Once T281379 is deployed in MediaWiki_1.37/wmf.8, we can reindex the relevant wikis, to activate ICU normalization, ICU folding, and homoglyph normalization.

Current counts are: German—9 wikis; Dutch—9 wikis, Portuguese—9 wikis (excluding 1 pt-br wiki).

Acceptance Criteria

  • All wikis in the relevant languages are reindexed
  • A before-and-after analysis for each language's Wikipedia is provided

Event Timeline

Mentioned in SAL (#wikimedia-operations) [2021-06-22T13:29:00Z] <Trey314159> reindexing German wikis on elastic@eqiad, elastic@codfw, and cloudelastic complete (T284185)

Mentioned in SAL (#wikimedia-operations) [2021-06-22T16:41:19Z] <Trey314159> reindexing Dutch wikis on elastic@eqiad, elastic@codfw, and cloudelastic (T284185)

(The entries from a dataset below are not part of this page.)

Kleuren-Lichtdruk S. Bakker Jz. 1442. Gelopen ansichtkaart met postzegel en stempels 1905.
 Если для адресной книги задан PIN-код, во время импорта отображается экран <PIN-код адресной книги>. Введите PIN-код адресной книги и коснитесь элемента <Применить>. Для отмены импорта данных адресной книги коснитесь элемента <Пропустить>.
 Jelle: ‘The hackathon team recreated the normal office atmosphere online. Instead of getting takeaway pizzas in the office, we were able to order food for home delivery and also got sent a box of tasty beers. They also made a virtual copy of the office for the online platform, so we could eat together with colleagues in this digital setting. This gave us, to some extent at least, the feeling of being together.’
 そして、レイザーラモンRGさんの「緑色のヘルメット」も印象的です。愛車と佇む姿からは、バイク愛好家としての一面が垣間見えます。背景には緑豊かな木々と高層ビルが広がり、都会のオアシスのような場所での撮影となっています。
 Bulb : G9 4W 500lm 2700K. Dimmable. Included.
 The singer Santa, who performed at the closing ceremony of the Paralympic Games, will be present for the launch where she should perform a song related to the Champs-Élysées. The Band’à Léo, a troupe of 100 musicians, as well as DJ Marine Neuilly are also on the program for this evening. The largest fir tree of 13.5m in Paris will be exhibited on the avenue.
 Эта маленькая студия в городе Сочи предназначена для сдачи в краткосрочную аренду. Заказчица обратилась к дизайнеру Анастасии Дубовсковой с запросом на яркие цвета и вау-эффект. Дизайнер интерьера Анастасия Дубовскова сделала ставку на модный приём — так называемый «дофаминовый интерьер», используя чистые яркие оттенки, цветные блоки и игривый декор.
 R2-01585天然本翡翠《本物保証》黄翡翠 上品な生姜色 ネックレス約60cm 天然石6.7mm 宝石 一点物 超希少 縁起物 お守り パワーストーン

Mentioned in SAL (#wikimedia-operations) [2021-06-22T20:12:37Z] <Trey314159> reindexing Dutch wikis on elastic@eqiad, elastic@codfw, and cloudelastic complete (T284185)

Mentioned in SAL (#wikimedia-operations) [2021-06-22T20:12:55Z] <Trey314159> reindexing Portuguese wikis on elastic@eqiad, elastic@codfw, and cloudelastic (T284185)

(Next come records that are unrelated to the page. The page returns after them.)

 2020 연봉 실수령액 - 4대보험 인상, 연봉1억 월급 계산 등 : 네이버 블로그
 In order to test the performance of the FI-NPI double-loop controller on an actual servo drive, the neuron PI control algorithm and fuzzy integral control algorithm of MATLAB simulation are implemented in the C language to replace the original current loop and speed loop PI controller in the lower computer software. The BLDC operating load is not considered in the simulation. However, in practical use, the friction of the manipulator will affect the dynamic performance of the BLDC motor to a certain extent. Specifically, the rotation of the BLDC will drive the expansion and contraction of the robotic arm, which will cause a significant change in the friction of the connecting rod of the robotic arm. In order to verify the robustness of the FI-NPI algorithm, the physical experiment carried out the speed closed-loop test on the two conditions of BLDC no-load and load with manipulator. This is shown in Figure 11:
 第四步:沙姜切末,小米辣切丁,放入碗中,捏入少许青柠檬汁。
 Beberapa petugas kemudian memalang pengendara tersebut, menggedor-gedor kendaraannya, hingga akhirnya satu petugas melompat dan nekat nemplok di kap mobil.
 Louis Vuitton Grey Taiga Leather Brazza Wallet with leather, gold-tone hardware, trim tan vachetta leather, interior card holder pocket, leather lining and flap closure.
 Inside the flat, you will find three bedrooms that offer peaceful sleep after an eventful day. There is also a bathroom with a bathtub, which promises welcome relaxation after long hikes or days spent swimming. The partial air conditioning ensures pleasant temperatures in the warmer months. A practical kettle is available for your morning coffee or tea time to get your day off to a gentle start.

Mentioned in SAL (#wikimedia-operations) [2021-06-23T00:02:32Z] <Trey314159> reindexing Portuguese wikis on elastic@eqiad, elastic@codfw, and cloudelastic complete (T284185)

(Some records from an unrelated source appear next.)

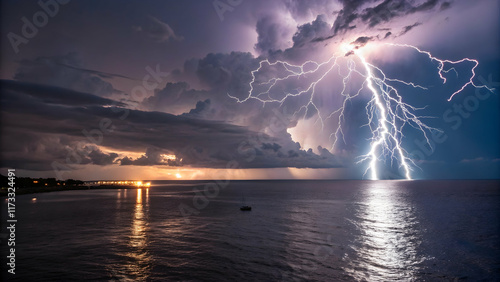 Stunning Lightning Strikes Over Calm Ocean During Dramatic Storm
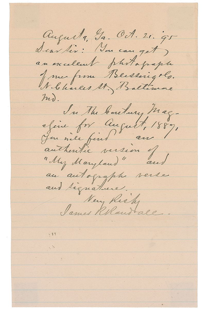 Writer (1839–1908) best remembered as the lyricist of the song, ‘Maryland, My Maryland.’ ALS, one page, lightly-lined, 5 x 8, October 21, 1895. Letter to H. W. Fay. In part: “You can get an excellent photograph of me from Beisserig & Co.…In the Century Magazine for August, 1887, you will find an authentic version of ‘My Maryland’ and an autograph verse and signature.” Uniform toning and small mounting remnants to reverse, otherwise fine condition. Accompanied by the original mailing envelope.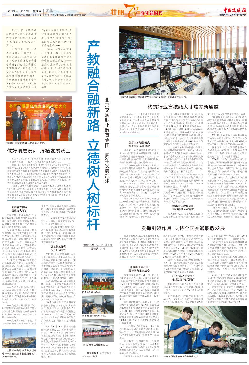 金秋时节,伴随着收获的喜悦,北京交通职业教育集团(简称北京交通职教集团)喜迎成立十周年。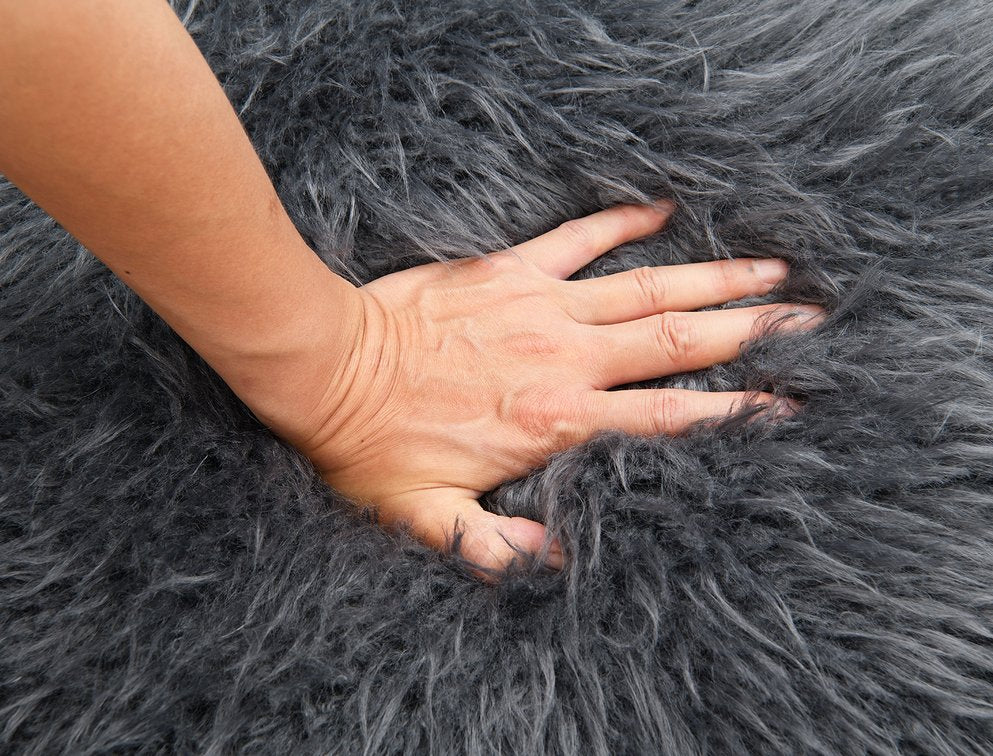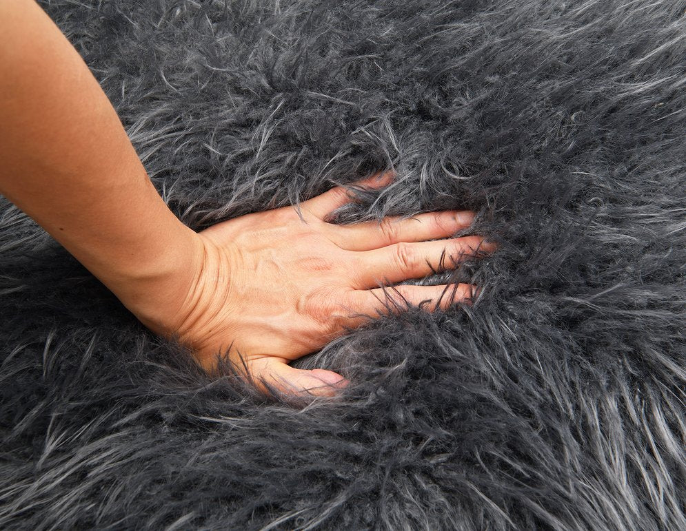 - Upholstery: Charcoal gray “yeti” faux-fur for a soft, tactile surface that’s cozy and stylish.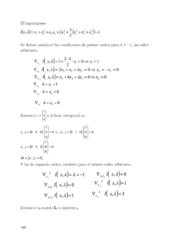 El lagrangiano Se deben satisfacer las condiciones de primer orden para λ = –1, un valor arbitrario. Entonces y la base ortogonal es: o, Y las de segundo orden, también para el mismo valor arbitrario. Entonces la matriz L es simétrica. 146

TJones renamed this task from Reindex German, Dutch, and Portugese Wikis to Reindex German, Dutch, and Portugese Wikis to Enabled Unpacked Versions.Jun 23 2021, 10:03 PM

More details on Mediawiki: DE/NL/PT Reindexing Impacts.

Summary:

  • All
    • ICU Folding is the biggest driver of zero-results improvements and increased number of results, usually because of missing diacritics.
    • Reindexing seems to decrease discrepancies between shards, which lowers the incidence rate of queries with a different top result
    • Improved filtering, because in German 6 consonants in a row is perfectly normal; also improved URL and email detection, and filtered very long queries with zero results (another form of junk).
  • German (3K sample)
    • I also disabled the folding of ß to ss in the plain field, as per T87136.
    • Zero results rate dropped by -0.3% absolute change; -1.4% relative change
    • 11.5% of queries got more results in general
    • The query was heisst s.w.a.t. ("what does S.W.A.T. do?") dropped from 3369 down to 67 results because ß and ss no longeer match in the plain field, and s.w.a.t. is not broken up in the text field (word_break_helper is not enabled)
  • Dutch (3K sample)
    • Zero results rate dropped by -0.1% absolute change; -0.4% relative change
    • 8.0% of queries got more results in general
  • Portuguese (3K sample)
    • Zero results rate dropped by -0.4% absolute change; -2.1% relative change
    • 15.3% of queries got more results in general
    • Missing tildes (a instead of ã, or o instead of õ) are the biggest sources of changes
    • The query 1926~ got a lot more hits, but I don't know why. Weird.